[GPU] Fix implicit concat fusing blocked for feature-axis and multi-user predecessors by deepaks2 · Pull Request #36032 · openvinotoolkit/openvino

deepaks2 · 2026-05-21T15:16:33Z

prepare_buffer_fusing was skipping in-place (zero-copy) concat fusing due to two overly conservative guards on the oneDNN static path.

First, concat_out_l.batch() > 1 was returning false unconditionally for any concat when the output batch size exceeded one. The check was intended for batch-axis concat, where block formats are not contiguous across batch elements. For feature-axis (axis=1) concat the 64-byte alignment check already in place is the correct correctness gate; the batch check is only needed when concat_axis_index == 0.

Second, get_users().size() > 2 rejected any predecessor with more than two consumers regardless of what those consumers were. The existing available_pred lambda already enumerates node types whose kernels never access padded regions (convolution, pooling, activation, eltwise, reorder, etc.). Fusing is safe whenever every non-concat user of the predecessor passes that check.

On YOLOv8s FP16 explicit concat kernel count drops from 15 to 2 at batch=8, reducing latency by ~36% at batch=8 on Intel iGPU.

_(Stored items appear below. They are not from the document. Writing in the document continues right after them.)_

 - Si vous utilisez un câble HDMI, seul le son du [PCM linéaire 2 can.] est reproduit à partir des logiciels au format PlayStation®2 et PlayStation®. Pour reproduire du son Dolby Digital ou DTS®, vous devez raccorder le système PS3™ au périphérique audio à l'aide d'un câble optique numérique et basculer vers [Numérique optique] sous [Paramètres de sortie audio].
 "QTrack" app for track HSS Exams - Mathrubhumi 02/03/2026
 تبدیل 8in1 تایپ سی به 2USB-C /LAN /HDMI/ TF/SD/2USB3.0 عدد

Two unit tests are added to prepare_buffer_fusing_test.cpp covering the corrected code paths; all 37 existing tests continue to pass.

Tickets:
CVS-187256

AI Assistance:
*AI assistance used: yes
AI was used for test generation and Human reviewed and run all unit tests manually

clee30 · 2026-05-22T01:56:01Z

build_jenkins

p-durandin · 2026-05-22T12:28:23Z

build_jenkins

clee30 · 2026-05-26T03:55:01Z

build_jenkins

Lyamin-Roman · 2026-06-01T12:05:02Z

+// batch=2 with feature-axis concat is now correctly fused after removing the
+// overly conservative batch>1 guard (which is only needed for batch-axis concat).

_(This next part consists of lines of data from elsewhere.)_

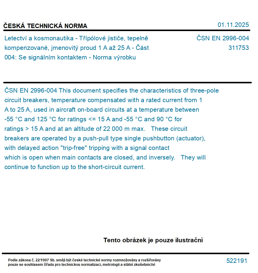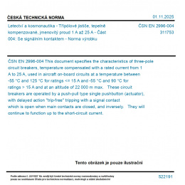 Letectví a kosmonautika - Třípólové jističe, tepelně kompenzované, jmenovitý proud 1 A až 25 A - Část 004: Se signálním kontaktem - Norma výrobku
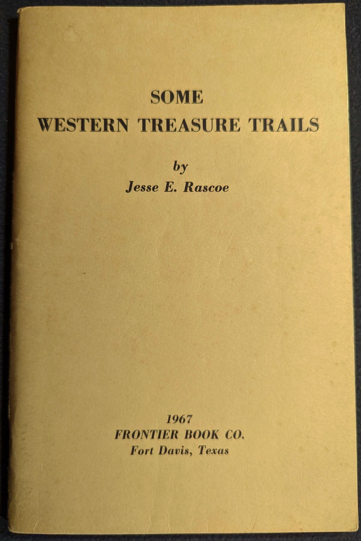 Rascoe, Jesse Ed. SOME WESTERN TREASURE TRAILS. Frontier Book Company. 1967. 12mo. 80 pages. Fort Davis. reprint edition. original tan printed card covers. map. Fine. This book is a collection of tales of treasure hoards and lost mines as reported from contemporary newspaper accounts. The accounts come from the following states: Arizona, California, Colorado, Nevada, New Mexico, Texas. Lot weight: 0 lbs 5oz. Subject(s): Buried Treasure.
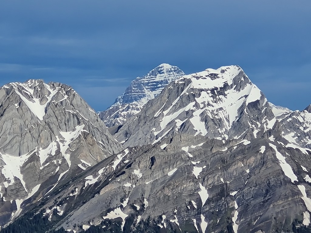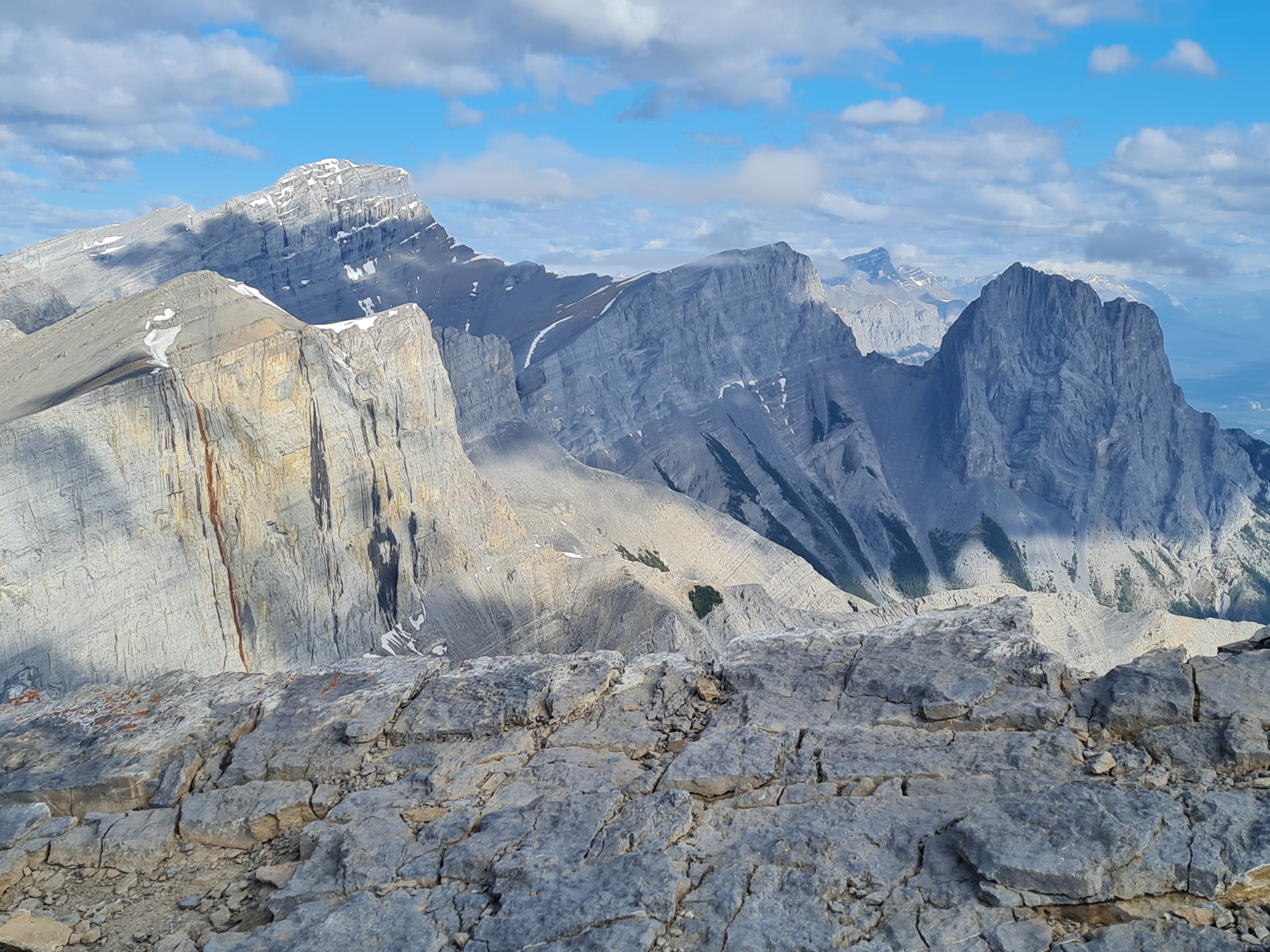 Mt. Assiniboine (and Lunette) visible behind Mt. Smuts to the NW.

This comment is not needed here

Suggested change

// batch=2 with feature-axis concat is now correctly fused after removing the

// overly conservative batch>1 guard (which is only needed for batch-axis concat).

Updated the code

Still not deleted

Lyamin-Roman · 2026-06-01T12:19:18Z

+// padding on the input side. reorder and permute are excluded because some of their
+// implementations copy over raw buffer byte ranges and would include padding bytes.
+auto reads_padded_input_safely = [](const program_node& user) {
+    return user.is_type<convolution>()   ||


Will everything work fine when using onednn implementations, for example for convolution?
This is not checked in tests
Also what about can_be_optimized case?

Added the check for can_be_optimized case

I still don't see a test with onednn impl (for example for convolution)

Lyamin-Roman · 2026-06-01T12:41:31Z

+        return;
+
+    // batch=2, feature-axis concat with b_fs_yx_fsv16 — previously blocked by the batch>1 guard
+    auto in_layout1 = layout{ ov::PartialShape{2, 16, 4, 4}, data_types::f32, format::bfyx };


Can you use a more awkward shape for the test? And test 3 inputs
For example: [3, 16, 2, 3], [3, 32, 2, 3], [3, 16, 2, 3]

Added new test. Please review

Lyamin-Roman · 2026-06-01T12:44:22Z

+    std::vector<float> d1(16 * 4 * 4, 1.0f);
+    std::vector<float> d2(16 * 4 * 4, 2.0f);


Please use natural number values to detect memory overlaps (0, 1 .. mem_size)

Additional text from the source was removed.